▶ Task brief
Copy out the entries that follow exactly, leaving every picture behind.

Start of Records supplied

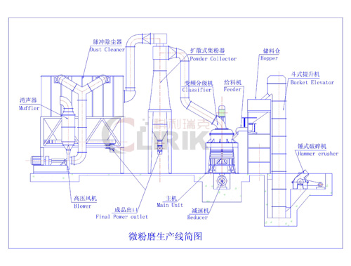 磨粉機生產(chǎn)線通常有錘式破碎機、斗式提升機、儲料倉、震動給料機、微粉磨主機、變頻分級機、雙聯(lián)旋風(fēng)集粉器、脈沖除塵系統(tǒng)、高壓風(fēng)機、空氣壓縮機、電器控制系統(tǒng)等組成。大塊物料經(jīng)錘式破碎機破碎成適合超細磨粉機工作的進料粒度(1cm左右),然后通過調(diào)節(jié)磨粉機分析機的轉(zhuǎn)速,達到適合生產(chǎn)要求的細度,經(jīng)過人工包裝成袋,也可以根據(jù)需要配置自動微粉打包機及選用不同型號的磨粉機。
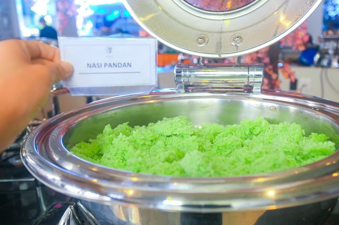 Nasi Pandan 也就是班兰叶饭。班兰叶是印尼、 新加坡 、 马来西亚 特有的一种热带绿色植物,味道香甜。但由于我对异域食物的接受度较低,还是吃不习惯。
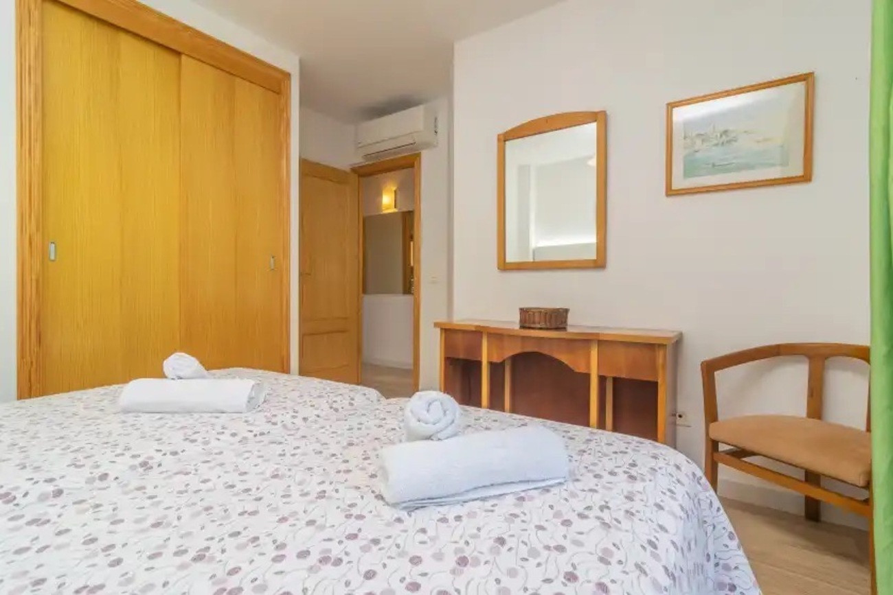 Die Wohnung verfügt über zwei Doppelschlafzimmer, ausgestattet mit Klimaanlage, um maximalen Komfort das ganze Jahr über zu gewährleisten. Sie befindet sich im ersten Stock (ohne Aufzug) und verfügt über einen angenehmen Balkon. Außerdem gibt es ein komplettes Badezimmer mit Badewanne und Dusche sowie ein gemütliches Wohnzimmer mit Fernseher, ideal zum Ausruhen nach einem Strandtag.
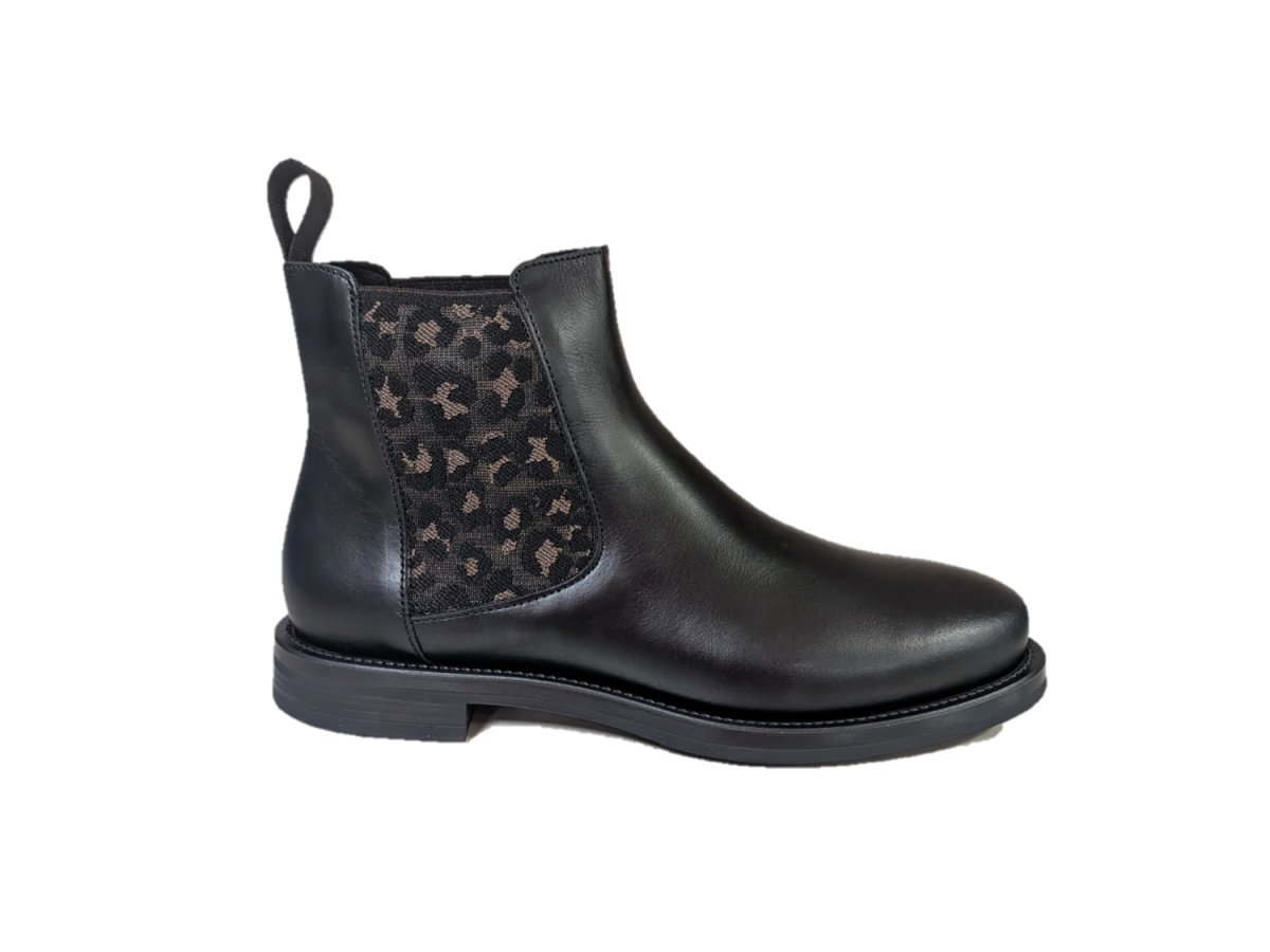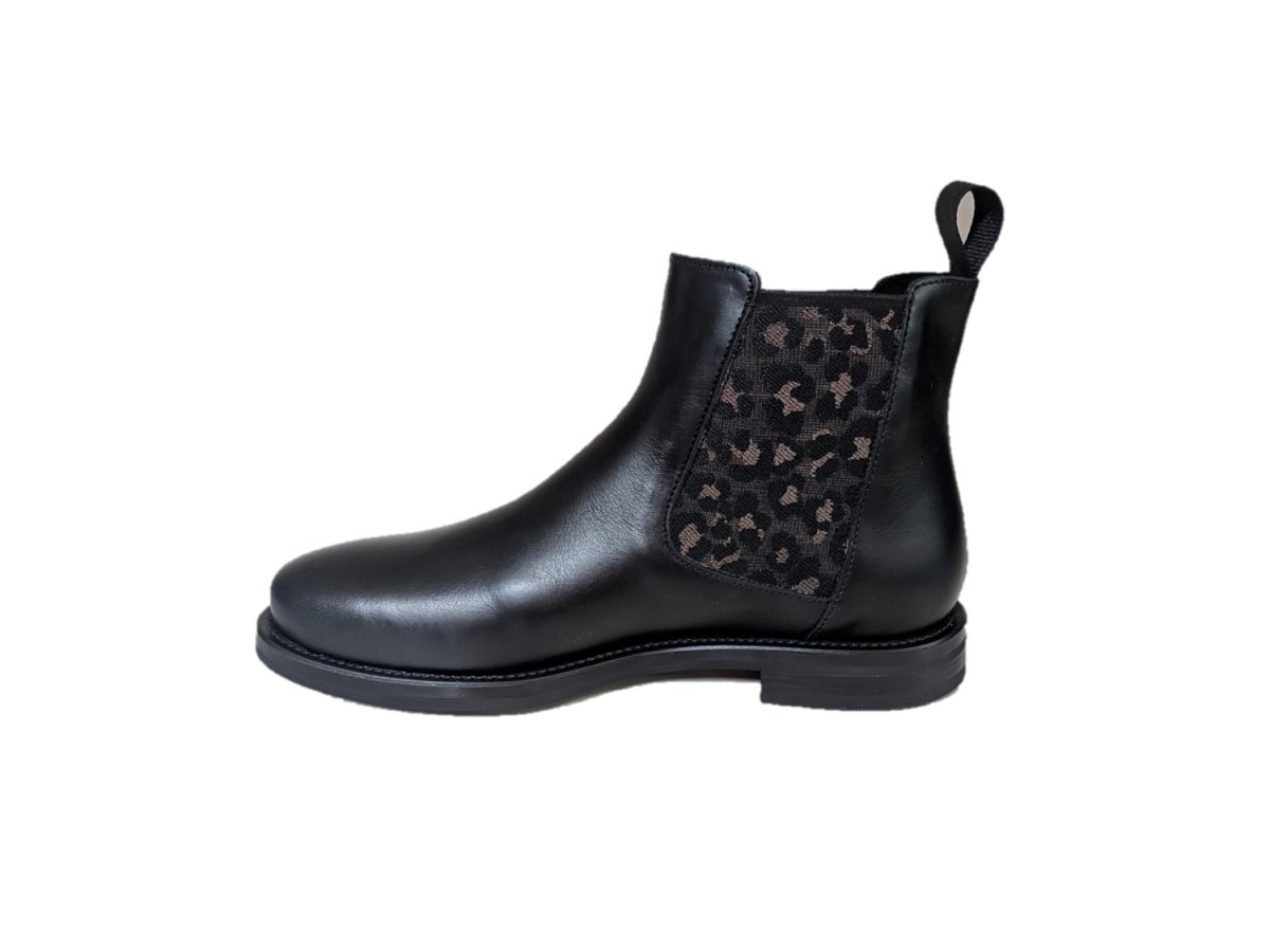 • Tomaia in morbida pelle con elastici bilaterali con trama leo
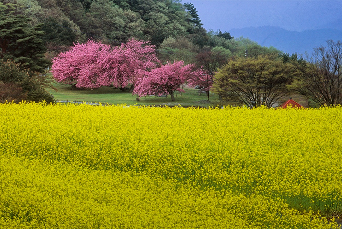 桜の時期には、黄色とピンクのコントラストが花見客の目を楽しませてくれます。桜と菜の花を同時に見られるのも「翠波高原」の魅力の一つ。

End of Records supplied

▶ Solved problem
 磨粉機生產(chǎn)線通常有錘式破碎機、斗式提升機、儲料倉、震動給料機、微粉磨主機、變頻分級機、雙聯(lián)旋風(fēng)集粉器、脈沖除塵系統(tǒng)、高壓風(fēng)機、空氣壓縮機、電器控制系統(tǒng)等組成。大塊物料經(jīng)錘式破碎機破碎成適合超細磨粉機工作的進料粒度(1cm左右),然后通過調(diào)節(jié)磨粉機分析機的轉(zhuǎn)速,達到適合生產(chǎn)要求的細度,經(jīng)過人工包裝成袋,也可以根據(jù)需要配置自動微粉打包機及選用不同型號的磨粉機。
 Nasi Pandan 也就是班兰叶饭。班兰叶是印尼、 新加坡 、 马来西亚 特有的一种热带绿色植物,味道香甜。但由于我对异域食物的接受度较低,还是吃不习惯。
 Die Wohnung verfügt über zwei Doppelschlafzimmer, ausgestattet mit Klimaanlage, um maximalen Komfort das ganze Jahr über zu gewährleisten. Sie befindet sich im ersten Stock (ohne Aufzug) und verfügt über einen angenehmen Balkon. Außerdem gibt es ein komplettes Badezimmer mit Badewanne und Dusche sowie ein gemütliches Wohnzimmer mit Fernseher, ideal zum Ausruhen nach einem Strandtag.
 • Tomaia in morbida pelle con elastici bilaterali con trama leo
 桜の時期には、黄色とピンクのコントラストが花見客の目を楽しませてくれます。桜と菜の花を同時に見られるのも「翠波高原」の魅力の一つ。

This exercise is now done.